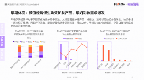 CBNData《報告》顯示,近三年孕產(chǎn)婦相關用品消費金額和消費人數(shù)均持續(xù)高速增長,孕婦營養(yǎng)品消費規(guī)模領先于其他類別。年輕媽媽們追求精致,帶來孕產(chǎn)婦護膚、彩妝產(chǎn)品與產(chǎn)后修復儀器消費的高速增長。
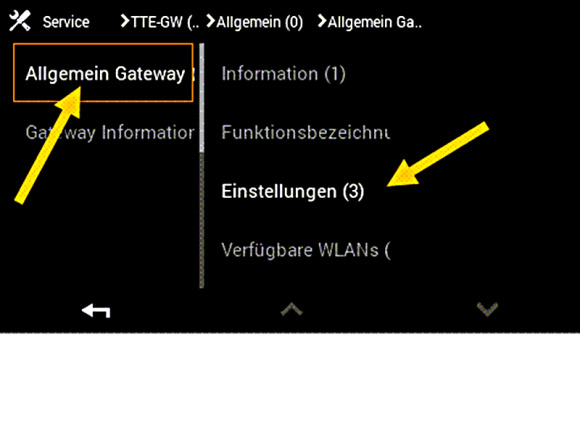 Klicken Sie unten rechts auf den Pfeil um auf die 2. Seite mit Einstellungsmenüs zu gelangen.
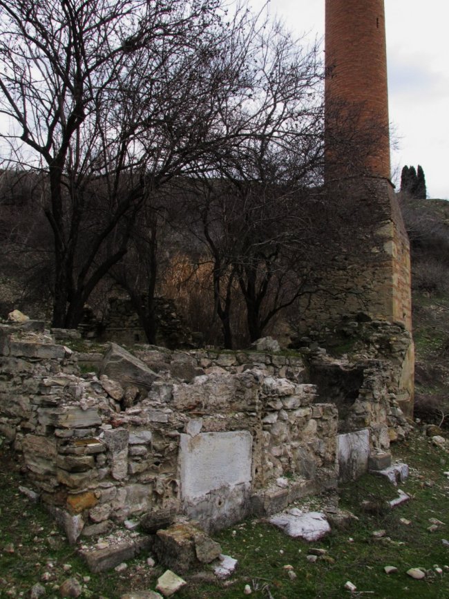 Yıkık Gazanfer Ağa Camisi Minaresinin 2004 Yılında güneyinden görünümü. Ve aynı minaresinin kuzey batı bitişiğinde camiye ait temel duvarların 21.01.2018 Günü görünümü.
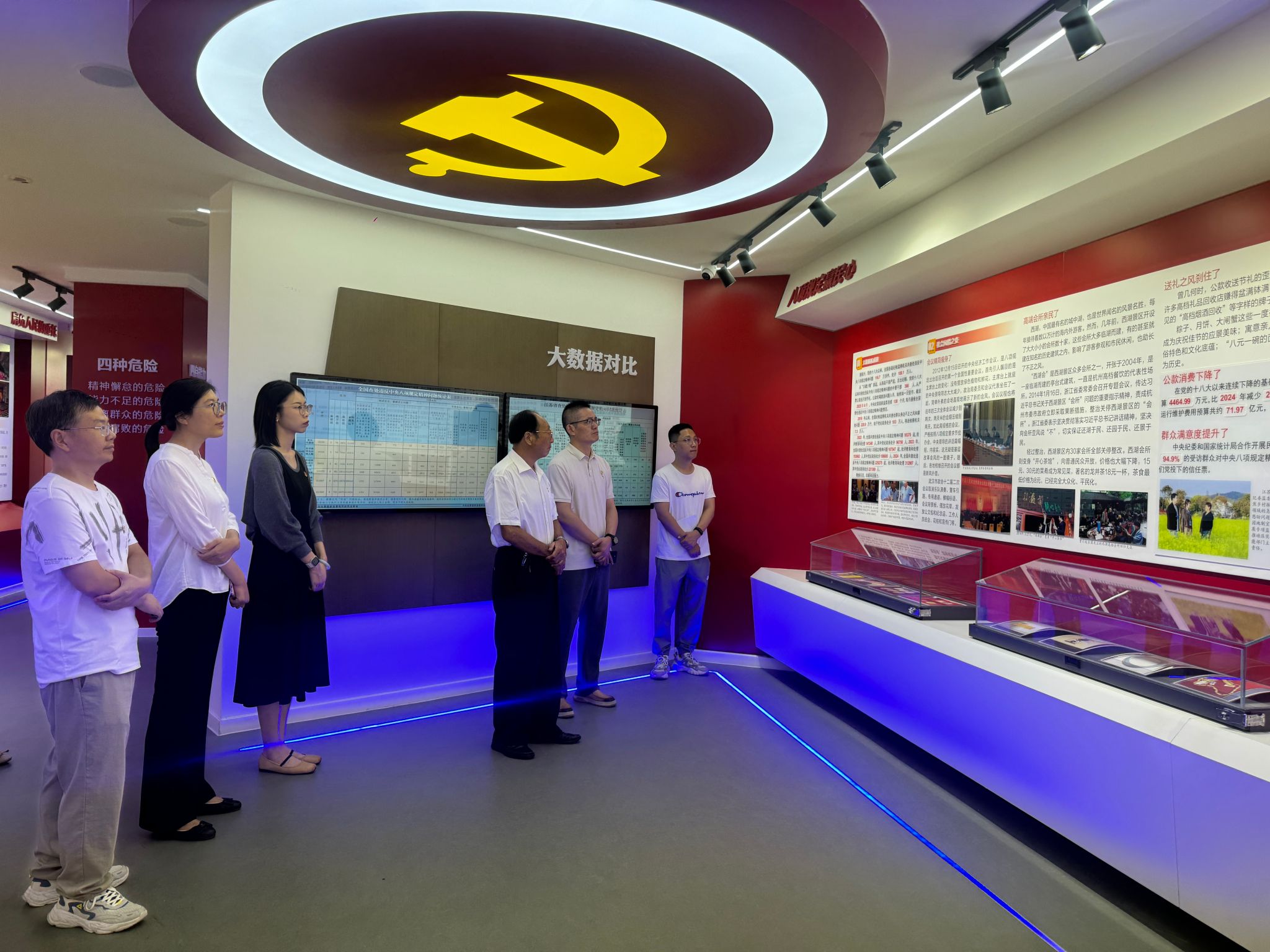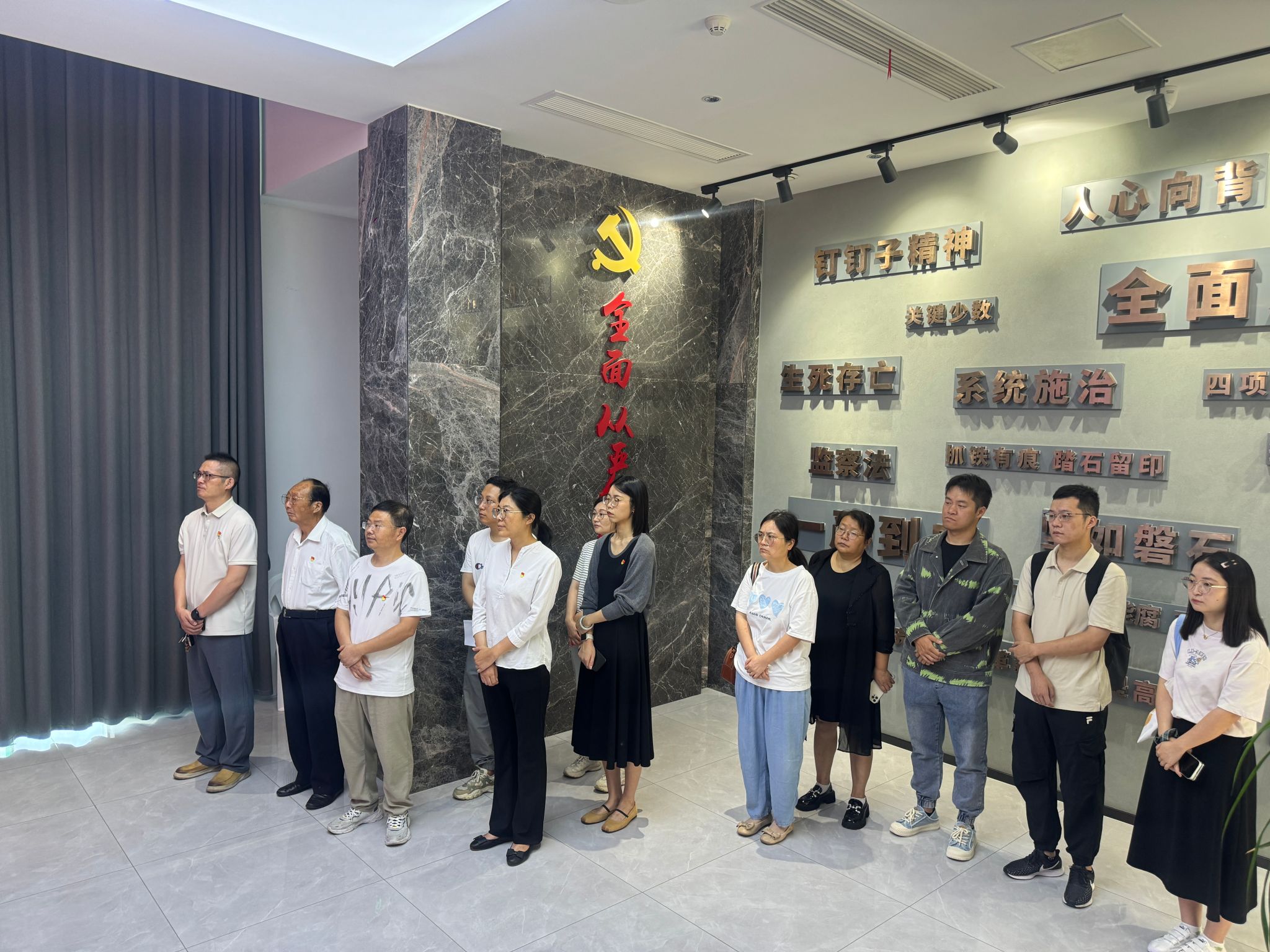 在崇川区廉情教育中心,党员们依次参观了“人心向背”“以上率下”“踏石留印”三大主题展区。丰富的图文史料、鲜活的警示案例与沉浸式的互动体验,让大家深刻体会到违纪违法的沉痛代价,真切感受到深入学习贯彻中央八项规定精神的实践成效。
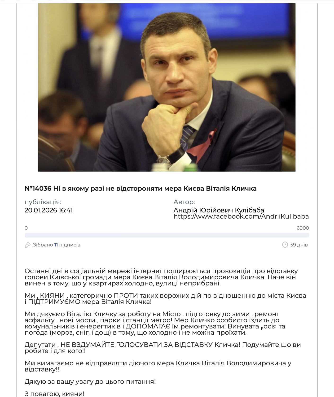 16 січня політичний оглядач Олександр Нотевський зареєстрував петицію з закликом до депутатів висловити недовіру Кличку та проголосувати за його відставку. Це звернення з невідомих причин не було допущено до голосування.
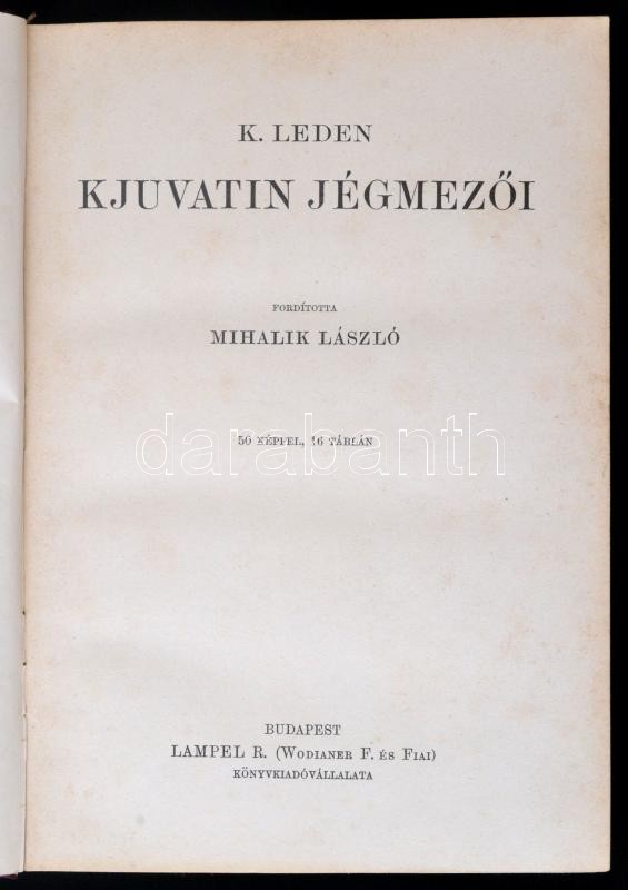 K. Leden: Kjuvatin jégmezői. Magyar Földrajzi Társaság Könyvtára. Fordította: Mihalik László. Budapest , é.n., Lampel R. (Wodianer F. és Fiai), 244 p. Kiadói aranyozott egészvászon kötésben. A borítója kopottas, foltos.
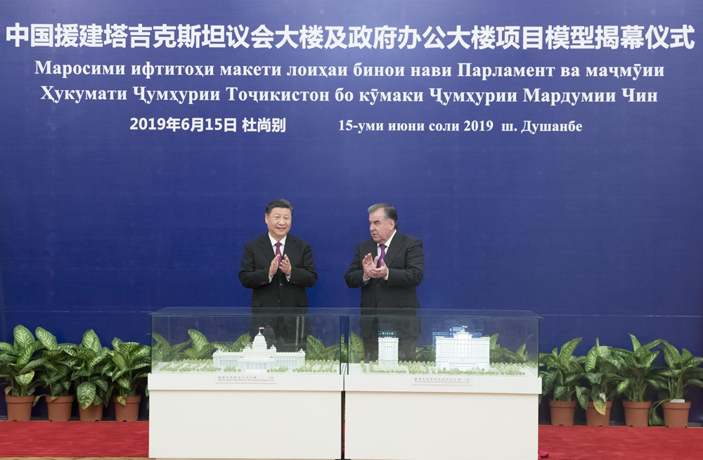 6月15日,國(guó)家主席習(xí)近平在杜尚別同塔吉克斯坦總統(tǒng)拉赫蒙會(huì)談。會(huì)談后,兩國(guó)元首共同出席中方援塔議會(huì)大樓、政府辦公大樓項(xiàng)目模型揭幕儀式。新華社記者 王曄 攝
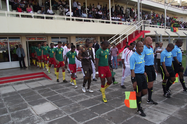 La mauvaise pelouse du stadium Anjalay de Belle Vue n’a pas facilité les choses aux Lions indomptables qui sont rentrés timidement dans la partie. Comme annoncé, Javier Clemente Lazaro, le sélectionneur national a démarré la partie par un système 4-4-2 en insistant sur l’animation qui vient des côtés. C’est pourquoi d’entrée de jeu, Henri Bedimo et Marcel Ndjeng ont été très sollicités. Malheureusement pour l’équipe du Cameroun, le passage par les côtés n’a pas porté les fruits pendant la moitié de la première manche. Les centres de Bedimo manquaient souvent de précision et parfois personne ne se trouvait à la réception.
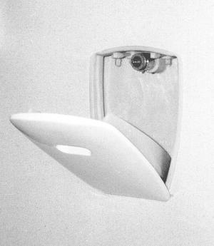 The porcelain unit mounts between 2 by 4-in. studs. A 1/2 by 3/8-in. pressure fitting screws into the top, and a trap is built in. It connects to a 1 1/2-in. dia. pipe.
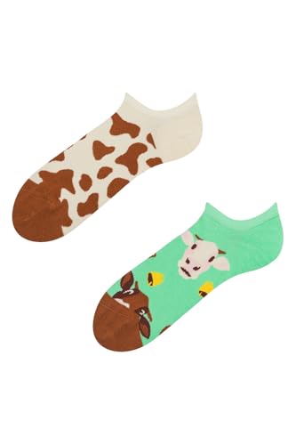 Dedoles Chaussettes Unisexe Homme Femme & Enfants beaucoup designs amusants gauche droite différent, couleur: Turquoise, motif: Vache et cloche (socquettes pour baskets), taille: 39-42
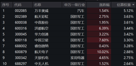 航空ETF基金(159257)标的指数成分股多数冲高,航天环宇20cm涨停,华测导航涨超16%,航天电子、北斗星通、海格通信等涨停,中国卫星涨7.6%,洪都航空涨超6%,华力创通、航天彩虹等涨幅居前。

*PROBLEM:*
Your answer must be the lines from the line containing "Dedoles Chaussettes Unisexe" through the final line of the data, written out exactly, both ends included and pictures left out.

*EXPECTED ANSWER:*
 Dedoles Chaussettes Unisexe Homme Femme & Enfants beaucoup designs amusants gauche droite différent, couleur: Turquoise, motif: Vache et cloche (socquettes pour baskets), taille: 39-42
 航空ETF基金(159257)标的指数成分股多数冲高,航天环宇20cm涨停,华测导航涨超16%,航天电子、北斗星通、海格通信等涨停,中国卫星涨7.6%,洪都航空涨超6%,华力创通、航天彩虹等涨幅居前。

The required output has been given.